Internal Family Systems offers a useful frame here. What therapists trained in IFS would call a manager part is the version of you doing the constant scanning. Its job is to keep you safe by keeping you ahead of every possible threat. It has been doing this since you were small, and it is, in a real sense, the part that built your career. It is not the enemy. It is a young protector that took on a job no child should have had to take on, and it has kept doing that job into your forties because no one has ever told it the war is over. A 2025 scoping review in Clinical Psychologist found that IFS shows promising evidence for trauma, depression, and the kinds of long-tail effects associated with chronic relational injury, with particular strength in addressing self-criticism and the inner architecture that develops around survival roles.

When you sit with this part of yourself in therapy, what often emerges is something closer to grief than to fear. The vigilance was a service. It got you here. And underneath, there is usually a younger version of you, exhausted, who has never been told he or she could stop.

What Healing Actually Asks of You

Healing this pattern is not about deactivating the strength. It is about distinguishing the strength from the survival strategy underneath, so that you can keep what is yours and let go of what was assigned to you.

Acceptance and Commitment Therapy is well-suited to this work. ACT does not try to argue your nervous system out of vigilance, which would be both ineffective and slightly insulting to a system that has worked very hard. It teaches you to notice when a vigilant part has activated, hold the activation without immediately obeying it, and choose your action based on values rather than threat. A 2025 systematic review of ACT for PTSD reported significant reductions in hyperarousal and avoidance symptoms, alongside improvements in psychological flexibility, the capacity to stay present and act on what matters even when your nervous system is recommending otherwise. In practice, this looks like learning to attend a dinner with your in-laws and noticing the scanning, without escalating it, without leaving the table mentally to plan three contingencies.

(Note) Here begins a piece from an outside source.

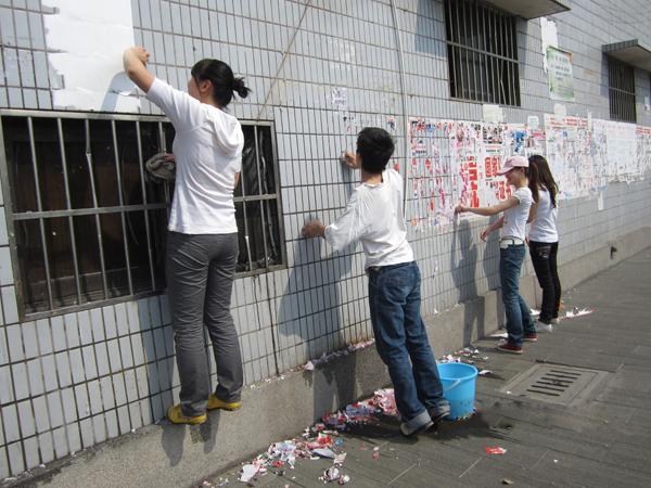 本网讯(通讯员 张自兰)在“五一”劳动节来临之际,管理学部员工党员对校区进行了一次大清扫。 4月29日下午2时,管理学部员工党支部全体成员在一教前集合,大家分成四个小组,带着劳动工具奔赴校园各个角落进行大扫除。 “我是一个粉刷匠,粉刷本领强……”一阵歌声从第一、二小组中传来。 原来是会计5085班的池欢边唱歌边清扫墙壁上的小广告,这种情绪感染了周围的同学。 “迎五一,向劳动者致敬。校园清扫只是一个小部分,我们还有很多事可以做,劳动光荣!”该学部员工党支部书记尤金荣告诉记者。 (责任编辑 周芳)

Narrative Therapy adds another layer. The story most hypervigilant high-performers tell about themselves is something like, “If I stop watching, everything falls apart,” or “Everyone else relies on me to see what’s coming.” These are not facts. They are conclusions a younger self drew under conditions you did not choose. Therapy helps locate the moments these stories began, the events that taught your system its current vigilance was non-negotiable, and slowly construct a different account: one where you are allowed to be capable without being chronically braced.

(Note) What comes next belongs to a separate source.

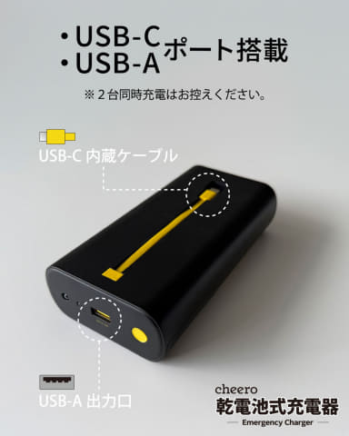 乾電池式スマホ充電器 USB-Cケーブル内蔵で緊急時も安心

And in IFS, the work is more intimate still. You meet the part that has been scanning the perimeter. You ask it how old it is. You ask what it is afraid would happen if it stopped. You let it tell you, finally, after all this time. And, often, you find that it does not actually want to keep this job. It just never trusted that anyone else would do it.

If the pattern in this article feels recognizable, the work is not to dismantle what you have built. It is to discover that the steady, perceptive, capable person at the center of all of it does not actually require constant alertness to stay that way.